Bill Bussell

Personal information
- Full name: William Samuel Bussell
- Born: 19 February 1887 Christchurch, New Zealand
- Died: 7 June 1917 (aged 30) Messines, Belgium

Playing information
- Height: 163 cm (5 ft 4 in)
- Weight: 59 kg (9 st 4 lb)
- Position: Halfback
Club
| Years | Team | Pld | T | G | FG | P |
| 1914–15 | Sydenham | 21 | 10 | 16 | 1 | 64 |
Representative
| Years | Team | Pld | T | G | FG | P |
| 1912–1914 | Canterbury | 3 | 0 | 0 | 0 | 0 |
| 1914 | New Zealand | 1 | 0 | 0 | 0 | 0 |
- Source:

= Bill Bussell =

New Zealand international rugby league footballer

William Samuel Bussell (19 February 1887 – 7 June 1917) was a New Zealand rugby league player who represented New Zealand. Bussell was killed in action during World War I.

==Personal life==
Bussell was the son of William and Hester Bussell and lived in St Albans, Christchurch.

==Playing career==
In 1912 Bussell was part of the first ever Canterbury side. Canterbury went down 4-5 to Wellington on 7 September.

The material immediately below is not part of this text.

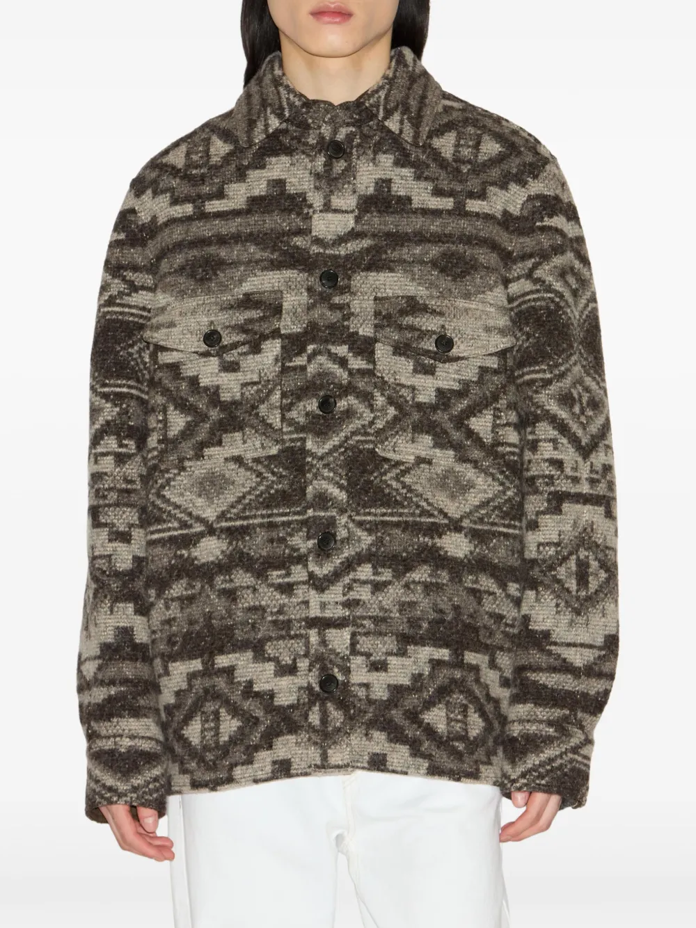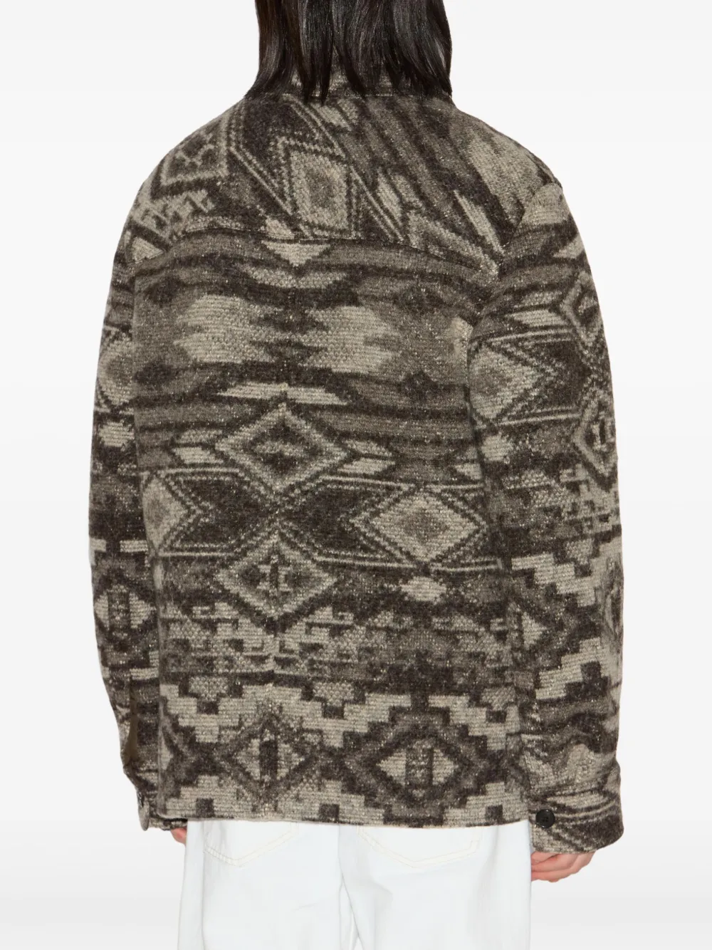 Jacheta Marant Kervon bej, realizata din amestec de lana, cu guler clasic, inchidere cu nasturi, maneci lungi, buzunare aplicate, tesatura cu model grafic, croiala lejera si tiv drept. Potrivita pentru sezonul toamna/iarna. 46% lana; 32% poliester; 22% acrilic.

In 1914 he played for Sydenham in the Canterbury Rugby League competition and also captained Canterbury before being selected to represent New Zealand against the Great Britain Lions. New Zealand lost the Test match 13-16. He was selected for the 1915 New Zealand tour of Australia that was later abandoned.

==World War I==
With the outbreak of World War I, Bussell enlisted. In 1917 Private Bussell was killed in action during the Battle of Messines.